#### Your assignment
Every entry below is to be copied exactly, apart from any picture it holds.

#### Source material
+-------+
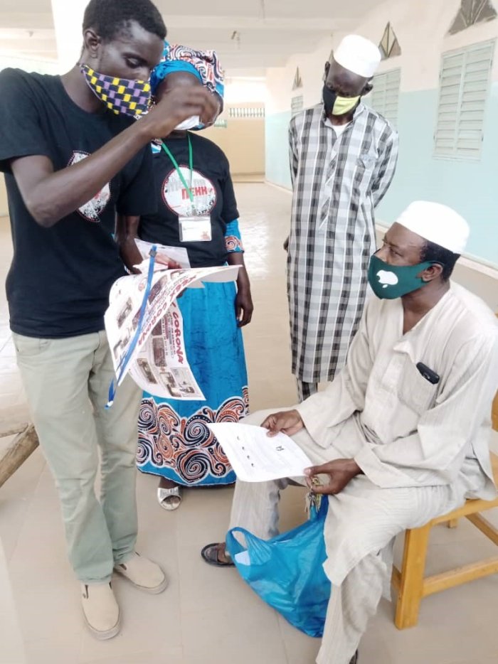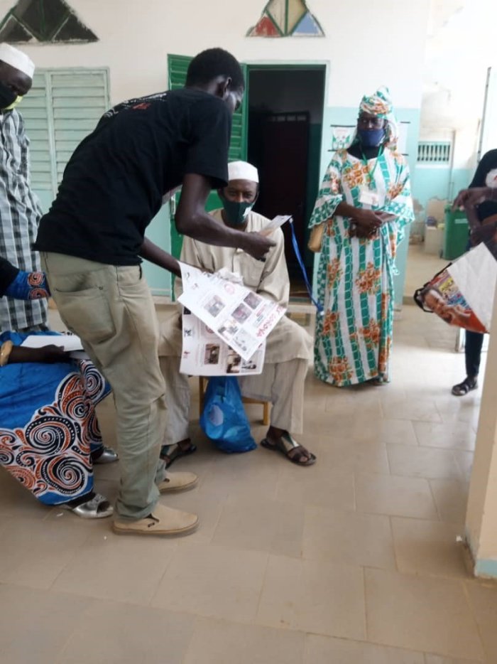 La remise des masques à la population n’est qu’un geste symbolique qui leur permet en réalité de sensibiliser la population à notre passage dans chaque quartier. A cet effet du matériel informatif (affiches, flyers, notices concernant l’utilisation des masques) a été préparé afin de pouvoir diffuser les informations sur les gestes barrières dans de différents quartiers de la ville de Thiès, notamment concernant :
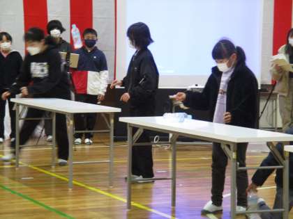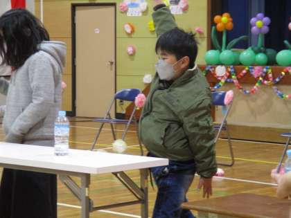 5年生企画「縦割り班遊びファイナル」の様子です。初めは「ペットボトルフリップ」です。水が入ったペットボトルを投げて、見事立ったら成功です。簡単そうに見えますが、実際はなかなか難しいようです。6年生も頑張りましたが、1番初めに成功したのは2年生でした。みんな楽しそうでした。
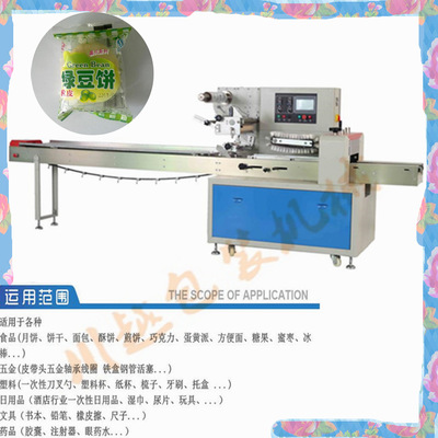 全自动枕式包装机的包装纸膜卷安装于轴辊上,被包装物件放置于加料器中( 对于无规则形状的物件需用手工加料),输送带自动将被包装物件输送到包装位置,包装在纸膜中 然后经过加热后压合成型,送至横封切刀处热合横封,切断。再由输送带输出成品.
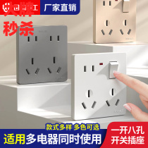 Big brand switch socket concealed gray 86 type household wall 16A one open double five-hole USB socket panel
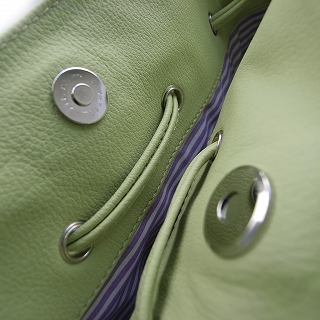 巾着にも変化する手提げ鞄をつくりました。鞄本体を絞らなければ、A4サイズの雑誌やノートが収納可能です。口元の留め金具にはマグネットホックを使用しています。
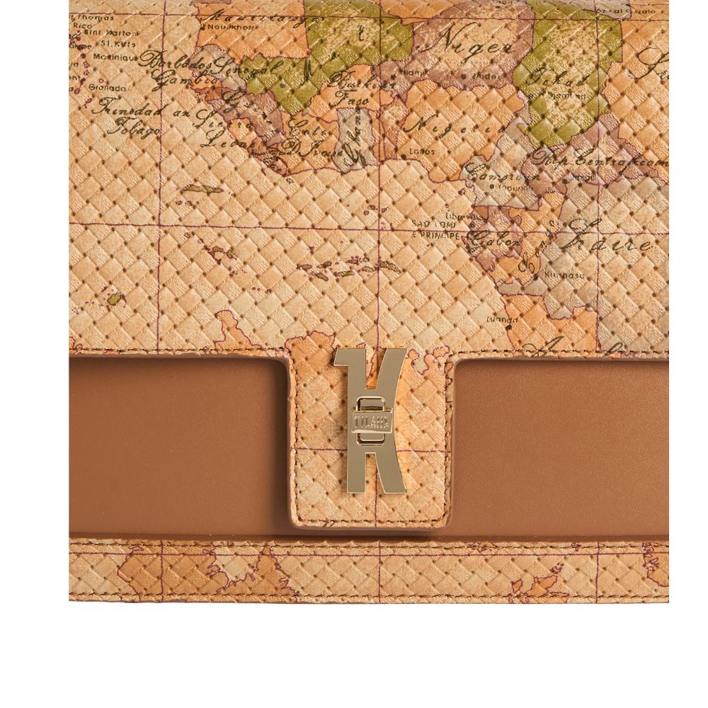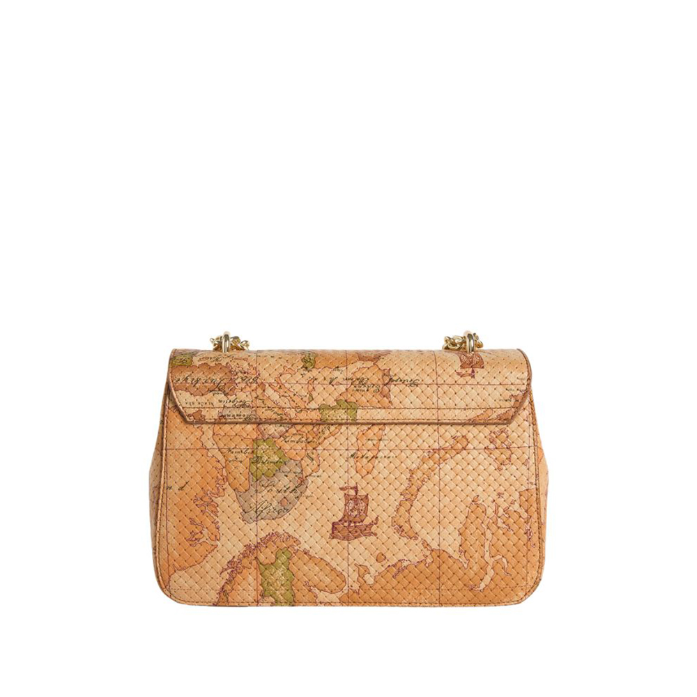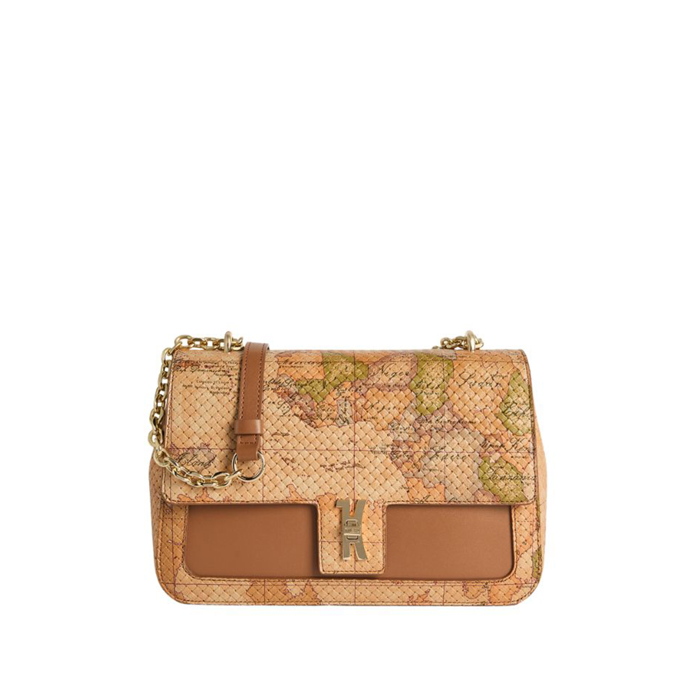 The Bay Lock Bag shoulder strap by Alviero Martini is luxurious and iconic in its Geo Classic print tassel version with woven impression, paired with smooth leather details in Cuoio for a light summer look. The soft sides match the clean lines of the flap, shaped to accommodate the 1C maxi logo closure and 1A Class logo walker. The light gold chain sliding shoulder strap helps enhance the look, offering crossbody and undershoulder portability. An impactful model that enhances any look, from the most minimal to the most sought-after.
+-------+
#### Task solution
 La remise des masques à la population n’est qu’un geste symbolique qui leur permet en réalité de sensibiliser la population à notre passage dans chaque quartier. A cet effet du matériel informatif (affiches, flyers, notices concernant l’utilisation des masques) a été préparé afin de pouvoir diffuser les informations sur les gestes barrières dans de différents quartiers de la ville de Thiès, notamment concernant :
 5年生企画「縦割り班遊びファイナル」の様子です。初めは「ペットボトルフリップ」です。水が入ったペットボトルを投げて、見事立ったら成功です。簡単そうに見えますが、実際はなかなか難しいようです。6年生も頑張りましたが、1番初めに成功したのは2年生でした。みんな楽しそうでした。
 全自动枕式包装机的包装纸膜卷安装于轴辊上,被包装物件放置于加料器中( 对于无规则形状的物件需用手工加料),输送带自动将被包装物件输送到包装位置,包装在纸膜中 然后经过加热后压合成型,送至横封切刀处热合横封,切断。再由输送带输出成品.
 Big brand switch socket concealed gray 86 type household wall 16A one open double five-hole USB socket panel
 巾着にも変化する手提げ鞄をつくりました。鞄本体を絞らなければ、A4サイズの雑誌やノートが収納可能です。口元の留め金具にはマグネットホックを使用しています。
 The Bay Lock Bag shoulder strap by Alviero Martini is luxurious and iconic in its Geo Classic print tassel version with woven impression, paired with smooth leather details in Cuoio for a light summer look. The soft sides match the clean lines of the flap, shaped to accommodate the 1C maxi logo closure and 1A Class logo walker. The light gold chain sliding shoulder strap helps enhance the look, offering crossbody and undershoulder portability. An impactful model that enhances any look, from the most minimal to the most sought-after.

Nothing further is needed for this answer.